Former NRA president’s wife worked with Maria Butina in effort to score Russia jet fuel deal: Report

The wife of David Keene, a former president of the National Rifle Association, enlisted the help of accused covert Russian agent Maria Butina to try to secure a $1 million finder’s fee being offered by an American middleman in exchange for a massive amount of Russian jet fuel, according to a report.

Washington lobbyist Donna Keene suggested in April 2017 that Butina seek a “soft corporate offer” for five million barrels of jet fuel — more than half the total amount Russian refineries export in a month — from a company like Gazprom for the unnamed man in Virginia, the New York Times reported.

But Butina, with the assistance of her older Republican operative boyfriend Paul Erickson, said she would first attempt to source the fuel from multiple suppliers with the aid of a Russian coffee bean trader and a public relations consultant who have loose ties to the industry. Her insistence on getting a $25,000 upfront payment from potential suppliers appeared to dismantle that plan.

Keene again reached out to the couple in mid-2017 and arranged for them to meet an alleged Virginia jet fuel broker, Roger Pol. Pol, however, died in February and there is no evidence that Pol ever signed a successful fuel deal, according to the Times.

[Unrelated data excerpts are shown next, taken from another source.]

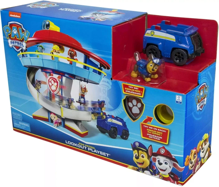 Obserwuj okolice z Bazy Psiego Patrolu! Zobacz jak Chase wjeżdża windą na najwyższe piętro wieży i sprawdza okolicę w poszukiwaniu zagrożenia za pomocą swojego peryskopu. Teraz, dzięki temu zestawowi, możesz wiernie odtwarzać ulubione sceny z serialu! Dostrzegłeś zagrożenie? Naciśnij odznakę Psiego Patrolu, aby ogłosić alarm i pospieszyć na pomoc! W jednej chwili Chase rusza do swojego wozu, używając zamontowanej rury. Zestaw składa się z bazy obserwacyjnej wyposażonej w efekty dźwiękowe i świetlne, windy, specjalnej zjeżdżalni oraz figurki Chase'a. Obserwuj Zatokę Przygód przy pomocy prawdziwego peryskopu, który obraca się o pełne 360 stopni!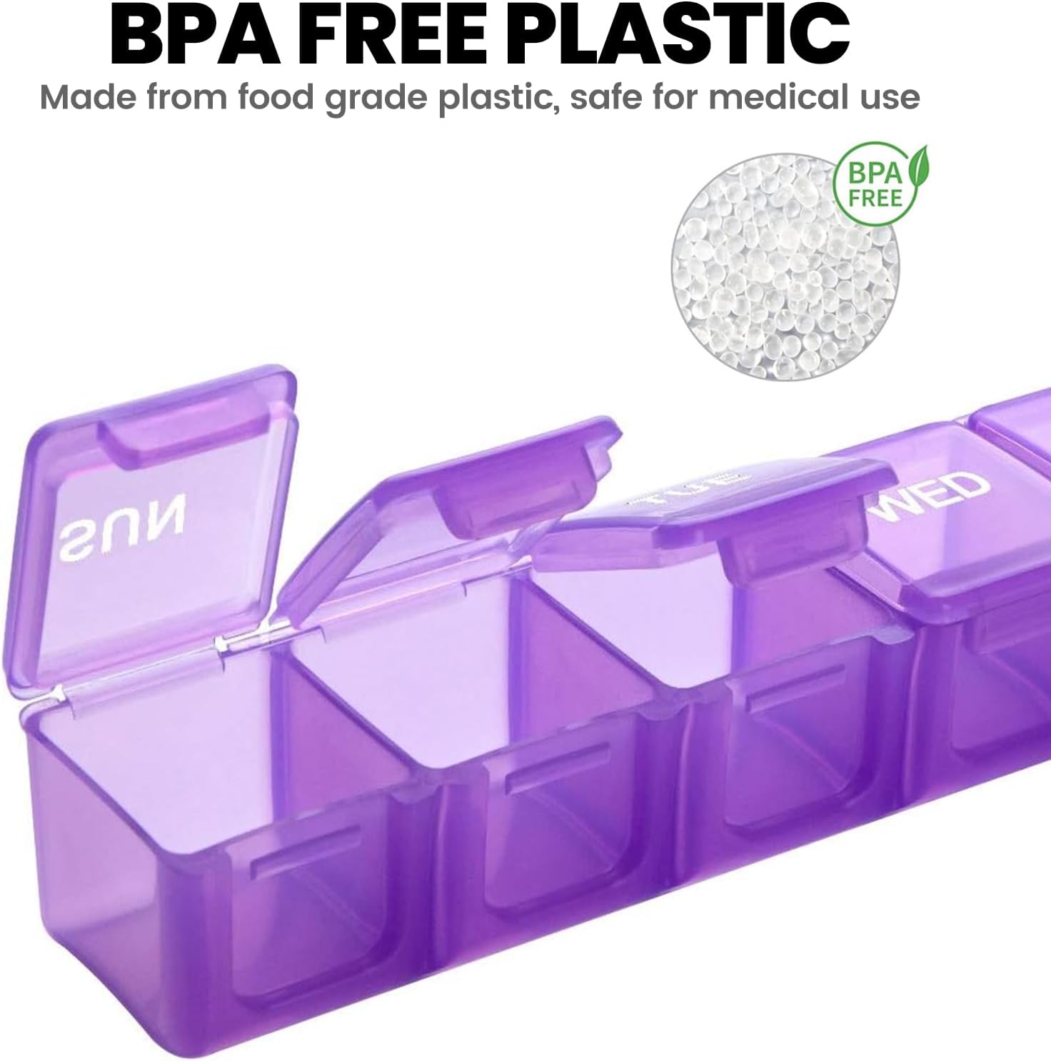 Sukuos Extra Large Weekly Pill Organizer, 7 Day Daily Pill Box Case Arthritis Friendly, Silkscreen Printed Medicine Container with Clear Lid for Vitamins, Fish Oils or Supplements (Purple)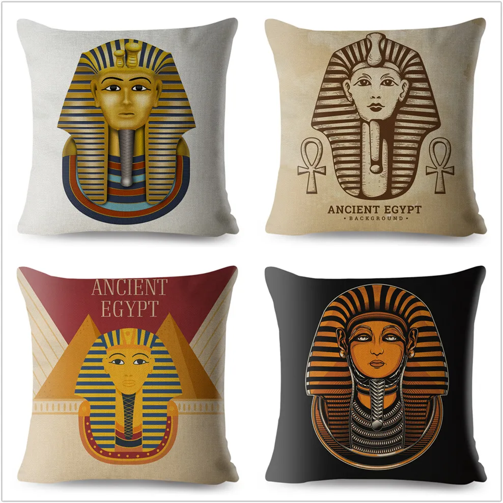Мультфильм Египет Фараон Тотем чехол для подушки с принтом бежевого льна наволочки 45*45 квадратные подушки Чехлы диван наволочка для домашнего декора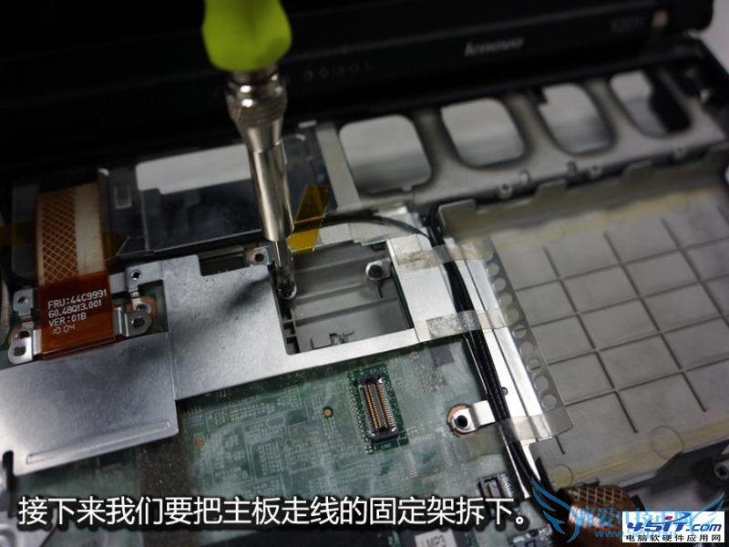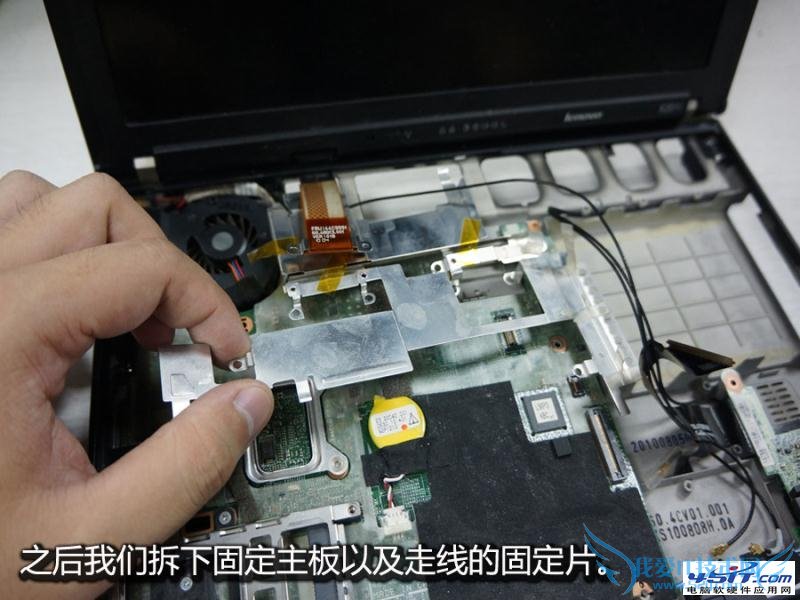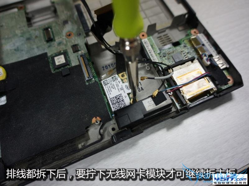 由于无线网卡固定着主板的一角,所以也要一起拆卸来。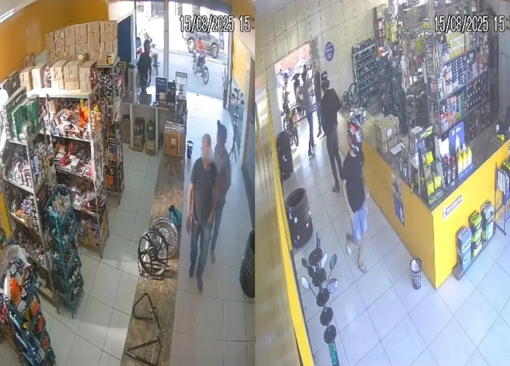 Imagens de câmeras de segurança mostram que dois suspeitos entraram no estabelecimento usando capacetes, enquanto outro, de boné, obrigou um funcionário a seguir até o fundo da loja sob a mira de uma arma. Do lado de fora, um quarto integrante aguardava em uma motocicleta, auxiliando na fuga do grupo.

Butina and Erickson met with at least one other set of potential partners in August 2017, promising Keene a cut of the possible arrangement, but those contacts reported the pair to the FBI, which was already monitoring Butina, because they thought they were being scammed.

Butina, 29, was arrested in July and charged with working to infiltrate conservative political groups like the NRA as “in an effort to advance the interests of the Russian Federation.”

According to the indictment, she entered the U.S. in August 2016 on a F-1 student visa and was enrolled in American University in Washington where she continued to act “under the direction and control” of a Russian official, assumed to be Aleksandr Torshin, a former Russian senator and close friend of President Vladimir Putin.

Her lawyer, Robert Driscoll, told the Times her misfires at securing a fuel deal was “just further evidence that she wasn’t here on any mission on behalf of the Russian Federation. She was essentially operating on her own account.”

The Keenes and Erickson did not respond to the Times’ request for comment.